Opta is a UK sports analytics company founded in 1996. Its data is known as independent, consistent, and accurate. It is used worldwide by coaches, players, journalists, broadcasters, brands, and sports apps (https://www.statsperform.com/opta-points/).

In this project I focus on Euro 2024 data. The dataset has 11 tables. Each table covers a different topic, such as goalkeeper stats, defensive actions, shooting, passing, and other match metrics.

The goal is to find player types without using the official position. I group players from their stats using probabilistic clustering.

I assume that different player types exist beyond classic positions like “striker” or “defender”. These types can be found by game metrics.

## 2 Data Loading

The data has 11 tables with 621 players and 219 columns.
When loading the data, many cells were empty. Some players only played a few minutes and have very few stats. On average, a player is missing about one third of all metrics.
There is also high correlation between several features. Some metrics appear in different units: per 90 minutes, totals, or percentages.

## 3 Data Preprocessing

I created a unique ID for each player. The ID uses the first two letters of the first name, position, country code, age, and year. I wrote code to detect duplicate IDs and fix them.

Merging: I joined the 11 tables into one master table using the ID. I removed duplicate columns, because each table had basic fields like age and team. I kept the other features, even if they used different units (percent, totals, per 90). The dataset was not too large, so this was acceptable.
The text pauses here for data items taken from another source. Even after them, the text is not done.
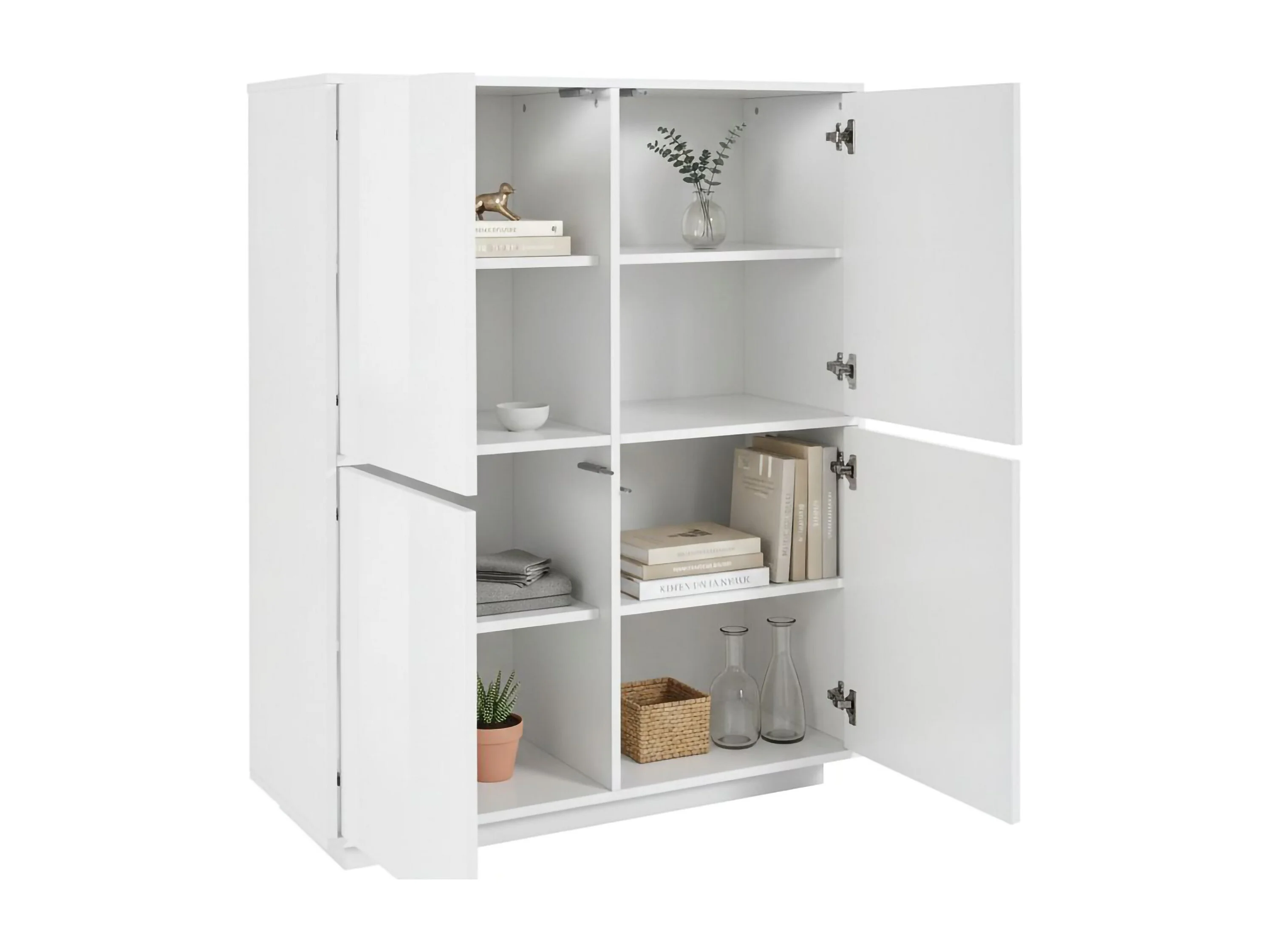 Buffet Zaccaria, Buffet de cuisine 4 portes, Buffet de salon, 100% Made in Italy, 100x41h126 cm, Blanc brillant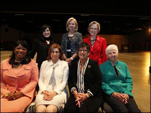 The 2014 YWCA Milestones Awards honored, from left, rear: Leslie Adams, Marianne Ballas, and Prof. Susan Martyn. From left, front: Vallie Bowman-English, Dr. Sonia Najjar, Kim Sidwell, and Barbara Eikost.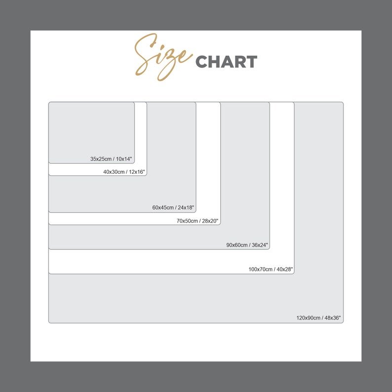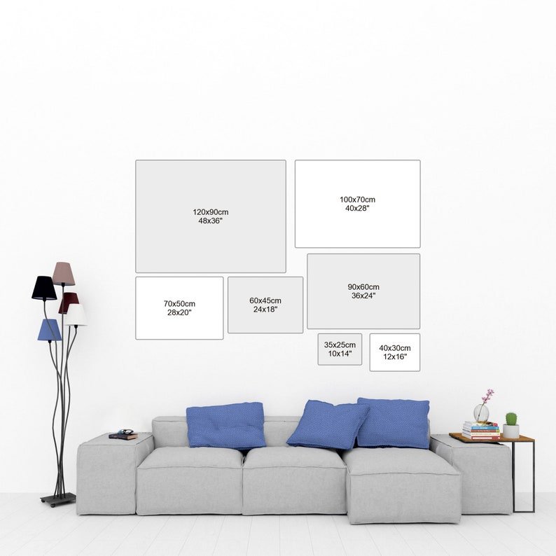 48 x 36 inch 120 x 90 cm, 40 x 28 inch 100 x70 cm, 36 x 24 inch 90 x 60 cm, 28 x 20 inch 70 x 50 cm, 24 x 18 inch 60 x 45 cm, 12 x 16 inch 30 x 40 cm, 10 x 14 inch 25 x 35 cm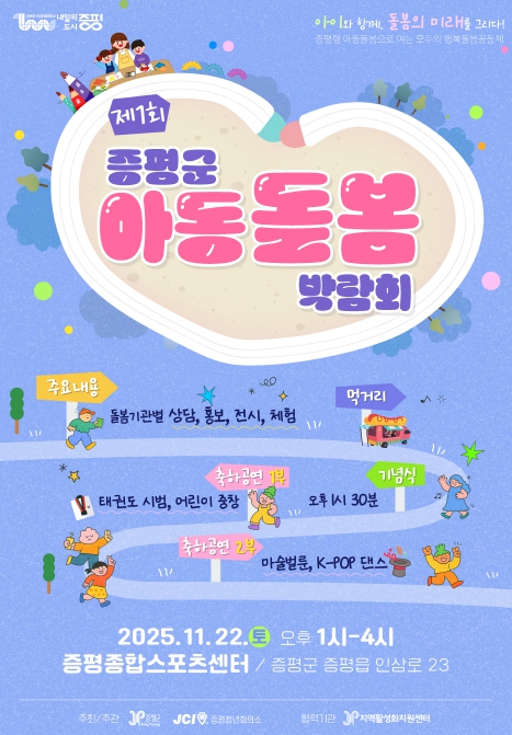 행사는 식전 공연을 시작으로 개회식에서는 아동돌봄 비전선포 퍼포먼스가 진행돼 증평군이 추진할 아동돌봄 정책의 비전과 방향을 공유한다.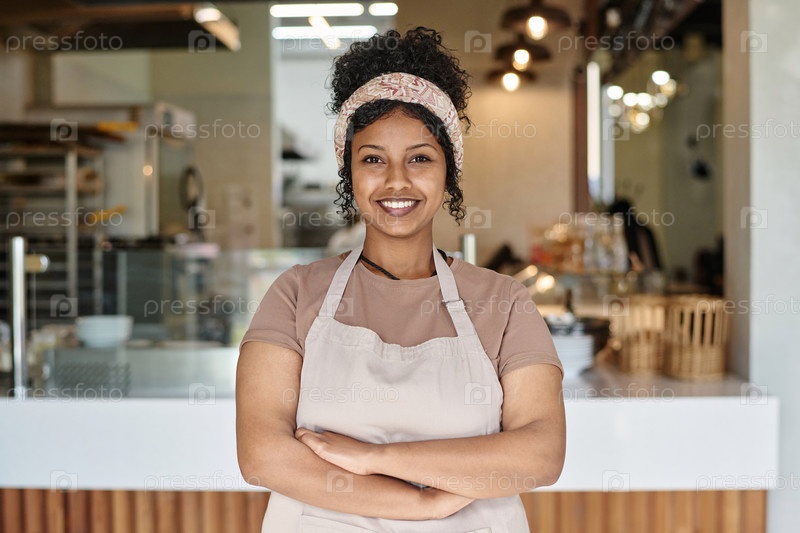 Сотрудник местной пекарни радостно смотрит на камеру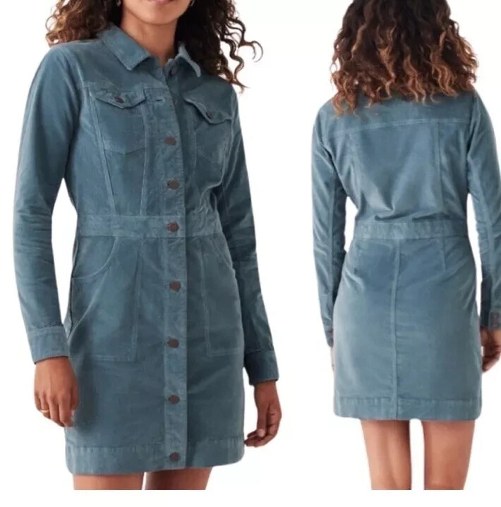 FAHERTY BLUE "MICHELLE" CORDUROY MINI SHIRT DRESS - RUNS SMALL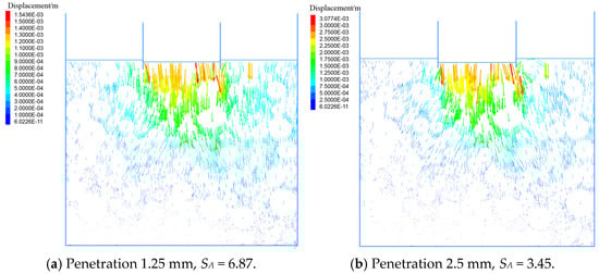 By comparing the subgraphs in Figure 11, it can be concluded that when the penetration amount was small, the direction of the particle displacement vectors was mainly vertical. As the penetration amount increased, except for the inverted triangular area beneath the penetration rod, the displacement vectors of the sample particles primarily developed in a “herringbone” shape. The larger the penetration amount, the more obvious the phenomenon, and the whole sample profile finally formed “X”-shaped cracks. The particles in the middle of the bottom of the sample were the most stable and the displacement was the smallest.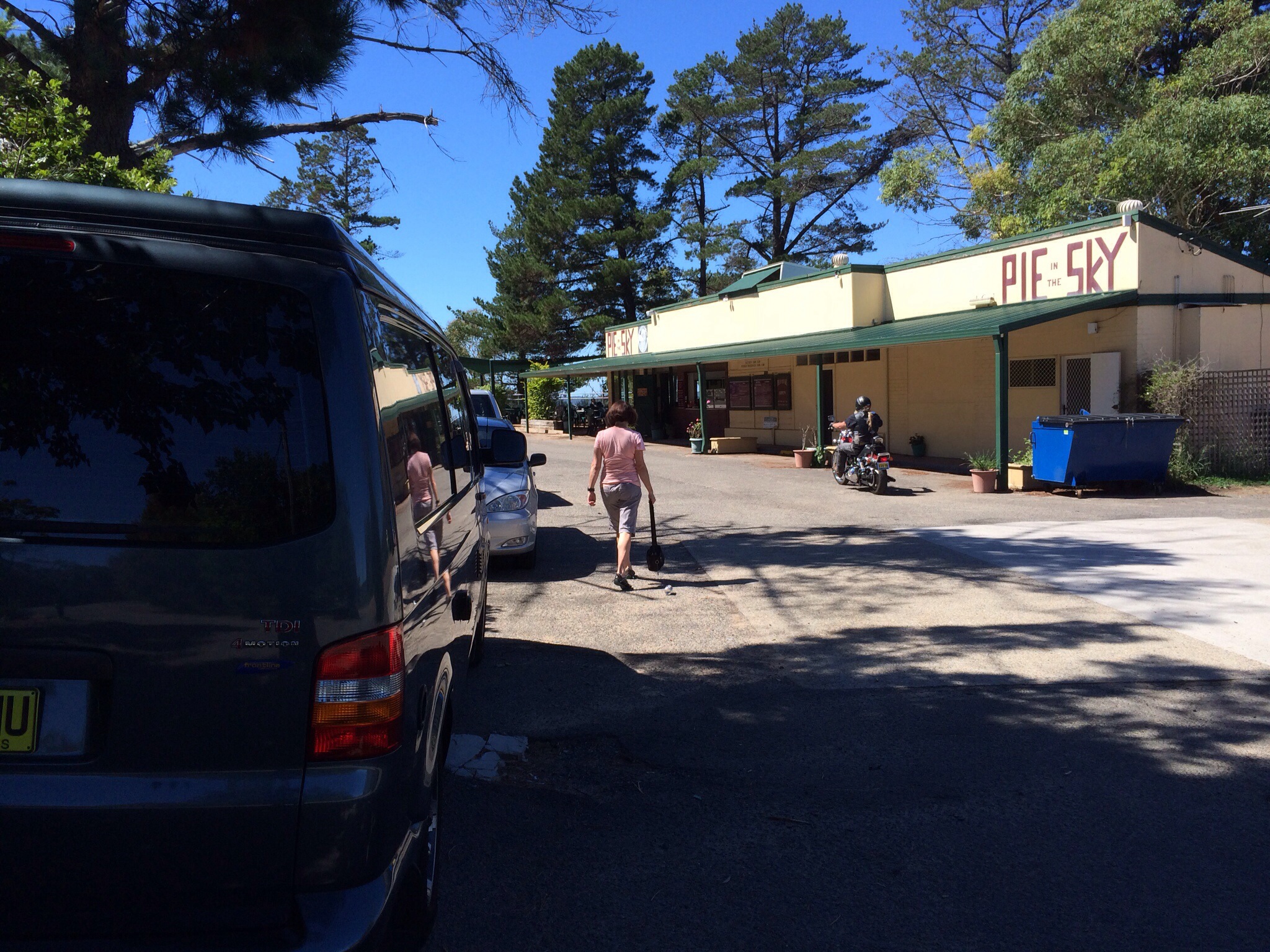 Pulling out from the caravan park, we stopped for a coffee at the local surf club & nestled our little/big Tardis amongst some fellow travellers.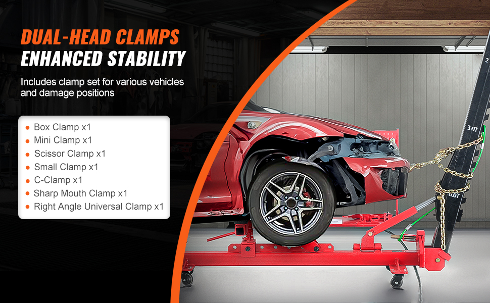 Durable Double-Screw Clamps: Featuring a quenching high-frequency treatment, the frame puller clamp boasts hardness and wear resistance. The double screw design enhances clamping force and stability, supported by a complete set of frame puller auto body tools for efficient maintenance.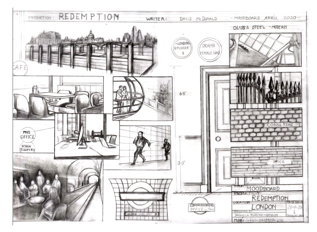Imagining the story world and all its textures, shapes and colours; is of great interest to me and good fun. With my imagination fired up, I am looking for contrasts in the story and this surely can be found in this script. From modern ‘oldy wordly’, to the lofty hights of London modern contemporary Offices, in glass and steel, down to good old brick & mortar, cobbled streets and other iconic London locations and references. Not without a nod to this cities underground.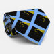 Graduation ceremony and party neck tie featuring black and gold cap pattern on light blue background.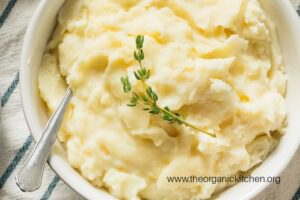 The Organic Kitchen Sweet Potato Casserole: Sweet potatoes whipped up with fresh pasture butter, real maple syrup with a hint of vanilla, all sprinkled with a crumbly pecan topping.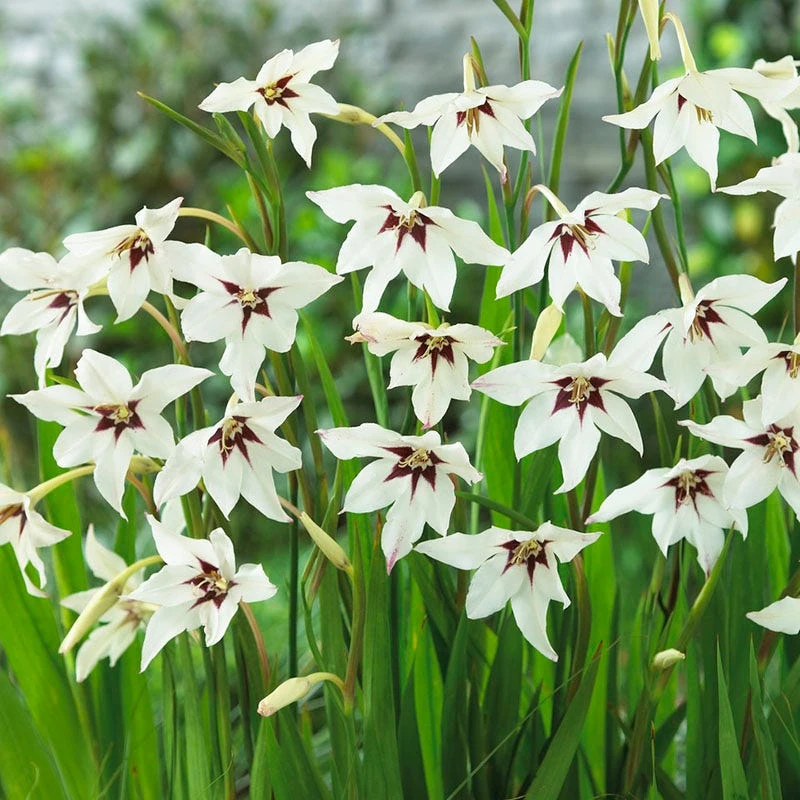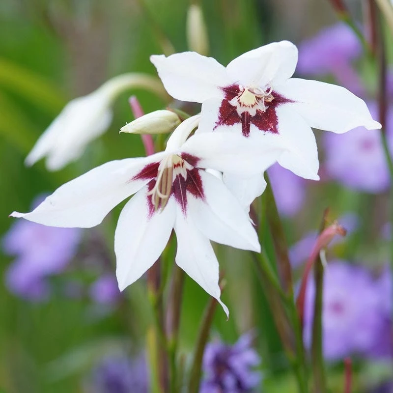 Gladiolus acindanthera (Peacock Orchid) is beautiful South African wild flower. This Gladiola blooms in mid-summer with graceful spikes of flowers. They have a strong, sweet fragrance and make wonderful bouquets. Cold hardy in zones 8-10. In colder zones lift the bulbs in fall and store in a cool place over the winter.

Cleaning: I removed players with very little game time (see 01_cleaning.ipynb). Out of 621 players, 493 played at least once, and 359 played at least 90 minutes. All later analysis uses these 359 players.

## 4 Data Exploration

I did an initial exploration to understand the data. I looked at player strength and the age of top players. I used metrics like minutes, team performance while on the pitch, touches, goals, carries, tackles, and interceptions.  
Results looked plausible: players like Nuno Mendes, Joshua Kimmich, Toni Kroos, and Pepe appeared as top performers.  
I also ran a first K-Means clustering. I grouped features into four areas: Completion & Creativity, Passing & Build-up, Ball Control & Progression, and Defensive Behavior.  
The clusters made sense. Likely positions were visible even without using the position label. Known players matched clusters consistent with their play style.  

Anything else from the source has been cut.